Robinhood is an industry leading app that teaches you to invest in the stock market, Robinhood Crypto, or how to trade options for free. The app is built for a younger generation of investors reluctant to pick up the phone for a broker, offering a stripped down overview of one’s portfolio.
Many people have noticed discrepancies between iOS and Android versions of the renowned trading app. Unfortunately, it seems as though Android users have gotten the short end of the stick yet again. However, we should point out that the app was primarily released on iOS and secondarily on Android. The differences are mainly seen in the aesthetics rather than functionality. Let’s take a look at some of the contrasting features.
In regards to design, there are only a couple variations between the two mobile apps. The iOS version has a consistent background color whereas the Android version incorporates a green chunk of space behind the homepage. In addition, the stock graph line has a heavier stroke weight on the Android version. These subtle differences make the Android design look slightly clunky in comparison to iOS.
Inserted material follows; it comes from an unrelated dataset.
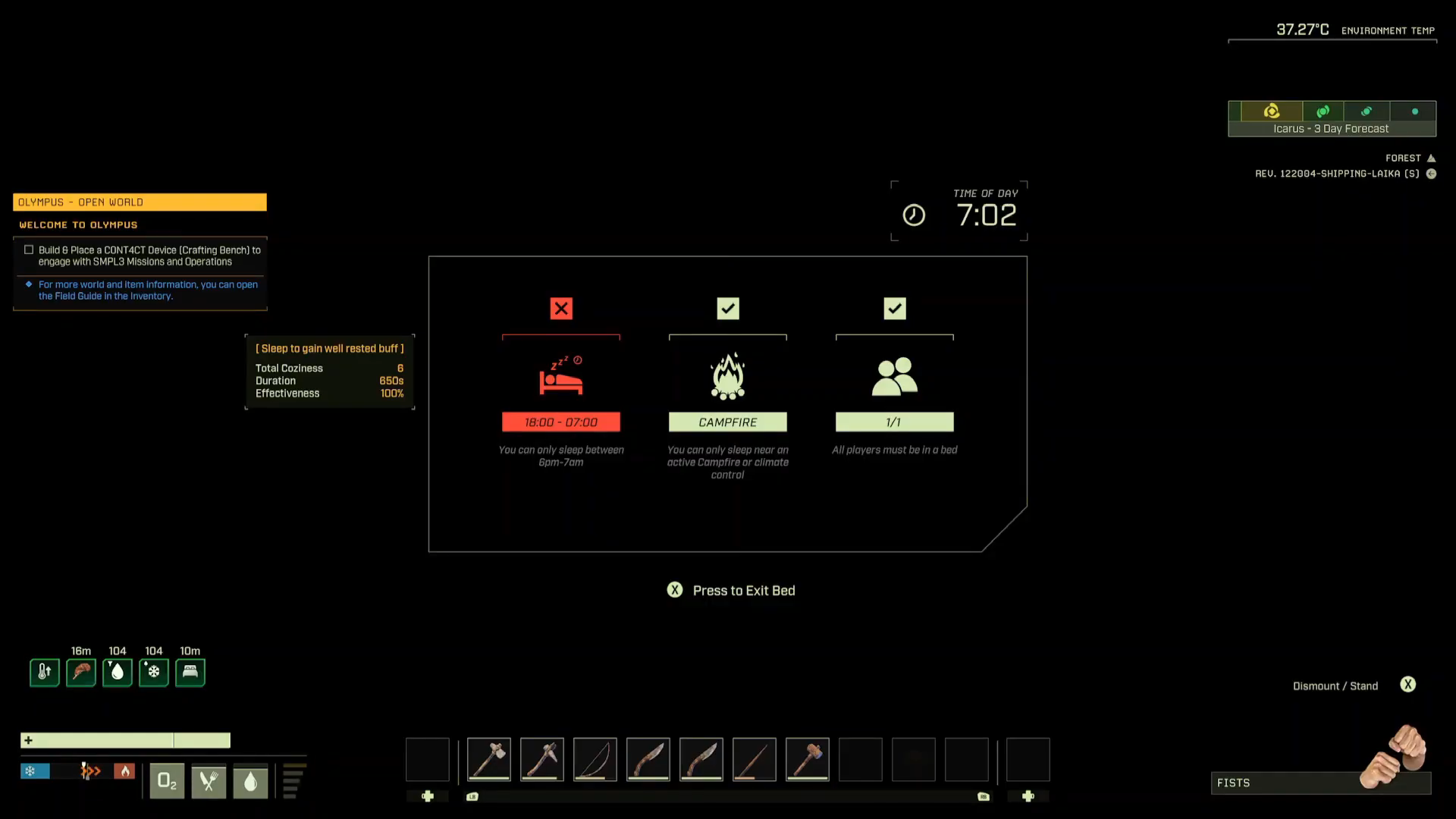 Das Herzstück von ICARUS ist sein einzigartiges Missionssystem. Anders als viele andere Survival-Spiele nutzt das Spiel keine dauerhaft bestehende Welt. Stattdessen beginnt jede Mission mit einem Drop. Spieler werden mit minimaler Ausrüstung auf den Planeten abgesetzt und müssen dort Ressourcen sammeln, Werkzeuge herstellen, Schutz bauen und ihre Missionsziele erfüllen. Der entscheidende Unterschied liegt im Zeitlimit. Jede Mission läuft nur für eine bestimmte Dauer. Wer nicht rechtzeitig zur Evakuierung zurückkehrt, riskiert den Verlust seines Charakters. Diese Mechanik sorgt für ein ständiges Gefühl von Zeitdruck. Während viele Survival-Spiele gemütliches Basisbauen ermöglichen, zwingt ICARUS Spieler dazu, Entscheidungen sorgfältig abzuwägen. Zu viel Zeit mit Erkundung oder dem Ausbau einer perfekten Basis zu verbringen, kann am Ende dazu führen, dass der Rettungsflug verpasst wird.

Users will notice that the iOS version has slightly smoother scrolling through the interface. Furthermore, opening up individual stocks on the Android app takes slightly longer to load than the iOS version. The difference isn’t large, but it’s certainly noticeable.
In regards to functionality, there are just a few UI details missing from the Android app that users can find on the iOS version. One of them is the small add-on that indicates level of volatility for individual stocks. This is a slight disadvantage because Android users will not see this visual cue, even though there are other ways of determining volatility than merely relying on this “high” or “low” indicator.
Another feature that’s supposed to be located just underneath volatility is buying power. This lets you know how much money is left in your account to buy additional stocks, options or crypto, and is seen only on the homepage menu in Android’s version. This is a nice feature to have in terms of account transparency, but again, isn’t absolutely essential to a user’s experience. Lastly, there’s the portfolio diversity indicator that allows users to see what percentage of their account is in a certain stock or asset type. Useful? Sure. Imperative? Not exactly.
In 2015, the iOS Robinhood app won the Design Award at Apple’s Worldwide Developer Conference. The Android version wasn’t released until 9 months after iOS, but it’s been nearly three years since and iOS is still the winner. The user experience for both operating systems is remarkable, but you have to wonder when Android’s design will catch up, if at all.